BD, 553437, BD Pharmingen™ FITC IgM de rata antirratón

Reactividad: Ratón (Prueba de control de calidad)
Isotipo: IgG2a de rata, κ
Inmunógeno: No reportado
Aplicación: Citometría de flujo (probada rutinariamente), tinción intracelular (citometría de flujo) (probada durante el desarrollo)
Concentración: 0,5 mg/ml
ID de registro: AB_394857
Tampón de almacenamiento: Solución tamponada acuosa que contiene ≤0,09 % de azida sódica.
Estado regulatorio: RUO
Preparación y almacenamiento: El anticuerpo monoclonal se purificó a partir del sobrenadante de cultivo tisular o de la ascitis mediante cromatografía de afinidad. El anticuerpo se conjugó con FITC en condiciones óptimas y se eliminó el FITC no reaccionado. Conservar sin diluir a 4 °C y protegido de la exposición prolongada a la luz. No congelar.
Procedimientos de ensayo recomendados: Procedimientos de ensayo recomendados Procedimiento de ensayo recomendado: Tinción inmunofluorescente de IgM intracitoplasmática/intracelular de ratón: 1. Prepare una suspensión de células individuales y determine el número de células. 2. Suspenda las células a 2×10e7 células/ml en tampón de tinción BD Pharmingen™ (n.º de cat. 554656) [o, como alternativa, prepare un tampón de tinción compuesto por PBS + 2 % FBS + 0,1 % de azida sódica] y transfiera a microplacas de fondo en U en 50 µl/pocillo para tinción inmunofluorescente. 3. Bloquee los receptores Fcγ añadiendo 0,2 µg de BD Fc Block™ (n.º de cat. 553141) en 50 µl de tampón de tinción a cada pocillo. 4. Incube 5 minutos en hielo. 5. Añada 200 µl de tampón de tinción por pocillo y resuspenda las células. Centrifugue a 250 × g durante 5 minutos y aspire el sobrenadante. 6. Bloquee la IgM de superficie celular con IgM de rata antirratón purificada (clon II/41) (n.º de cat. 553435) añadiendo 1,0 µg por muestra en 50 µl de tampón de tinción por pocillo. Nota: Los marcadores de superficie pueden teñirse durante este paso, como se describe en la sección "Tinción inmunofluorescente de leucocitos de ratón y rata para citometría de flujo" de la sección "Protocolos técnicos" de nuestro sitio web: http://www.bdbiosciences.com/pharmingen/protocols/Mouse_and_Rat_Leukocytes.shtml. 7. Incube 15 minutos en hielo. 8. Lave dos veces como se describe en el paso 5. 9. Resuspenda las células en 100 µl de solución BD Cytofix/Cytoperm™ (n.° de cat. 554714) por pocillo. 10. Incube 30 minutos a temperatura ambiente. 11. Lave dos veces con 200 µl de tampón BD Perm/Wash™ 1× (n.° de cat. 554714) por pocillo. Centrifugue a 250 × g durante 5 minutos y aspire el sobrenadante entre lavados. 12. Teñir para IgM intracelular añadiendo ≤ 1 µg de anticuerpo FITC anti-IgM de ratón (clon II/41) en 50 µl de tampón BD Perm/Wash™ 1× por pocillo. Nota: Durante este paso, se pueden añadir otros anticuerpos recomendados para la tinción de marcadores intracelulares, como se describe en el Paso 12. 13. Incubar durante 30 minutos a temperatura ambiente. 14. Lavar 2 veces como se describe en el Paso 11. 15. Resuspender y transferir las muestras en 100 µl de tampón de tinción a tubos adecuados para su análisis con un citómetro de flujo. Ajustar el volumen de cada tubo a 400 µl con tampón de tinción. 16. Analizar las muestras en un citómetro de flujo.

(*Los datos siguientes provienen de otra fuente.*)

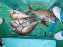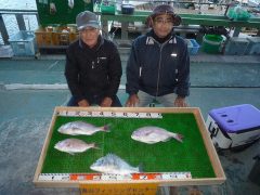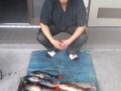 城の猪飼さんら5人が マダイ40~70㎝24匹 メダイ55、60㎝2匹 レンコ2…

Avisos del producto: Dado que las aplicaciones varían, cada investigador debe titular el reactivo para obtener resultados óptimos. Consulte www.bdbiosciences.com/us/s/resources para consultar los protocolos técnicos. Precaución: La azida sódica produce ácido hidrazoico, altamente tóxico en condiciones ácidas. Diluya los compuestos de azida en agua corriente antes de desecharlos para evitar la acumulación de depósitos potencialmente explosivos en las tuberías.